▶ YOUR ASSIGNMENT:
When writing out the listing below, reproduce every word exactly and skip the pictures.

▶ INFORMATION PROVIDED:
▶
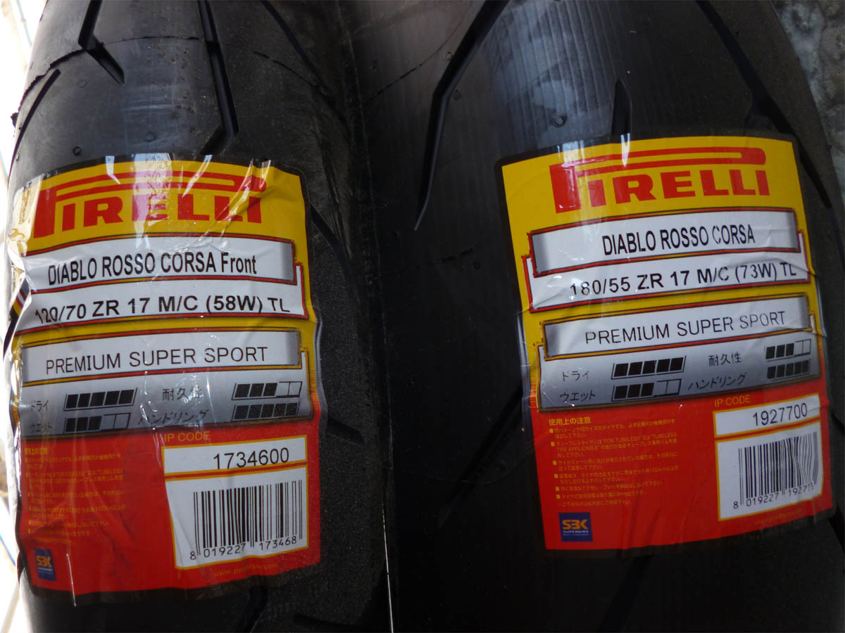 タイヤ交換は、ピレリ製ディアブロロッソコルサを選択。
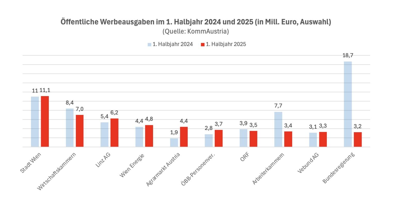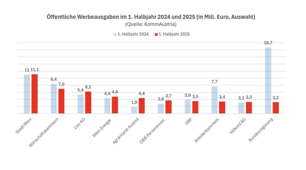 Die Kommunikationsbehörde „KommAustria“ hat gerade Daten zu öffentlicher Werbung im ersten Halbjahr 2025 veröffentlicht. Diese Werbung ist seit dem vergangenen Jahr ohne Ausnahme der Behörde zu melden. Und zwar von allen Rechtsträgern, die der Rechnungshofkontrolle unterliegen. Also von Bund, Ländern und Gemeinden, aber auch Beteiligungsunternehmen, Kammern sowie ORF beispielsweise.
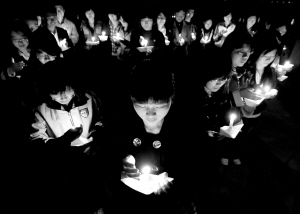 | 四月二十日晚,天津南开大学文学院师生在校园内手捧蜡烛,组成爱心图样,表达对青海玉树地震遇难同胞的深切哀悼。 新华社记者 刘海峰 摄 |
◀
▶ TASK RESULT:
 タイヤ交換は、ピレリ製ディアブロロッソコルサを選択。
 Die Kommunikationsbehörde „KommAustria“ hat gerade Daten zu öffentlicher Werbung im ersten Halbjahr 2025 veröffentlicht. Diese Werbung ist seit dem vergangenen Jahr ohne Ausnahme der Behörde zu melden. Und zwar von allen Rechtsträgern, die der Rechnungshofkontrolle unterliegen. Also von Bund, Ländern und Gemeinden, aber auch Beteiligungsunternehmen, Kammern sowie ORF beispielsweise.
 | 四月二十日晚,天津南开大学文学院师生在校园内手捧蜡烛,组成爱心图样,表达对青海玉树地震遇难同胞的深切哀悼。 新华社记者 刘海峰 摄 |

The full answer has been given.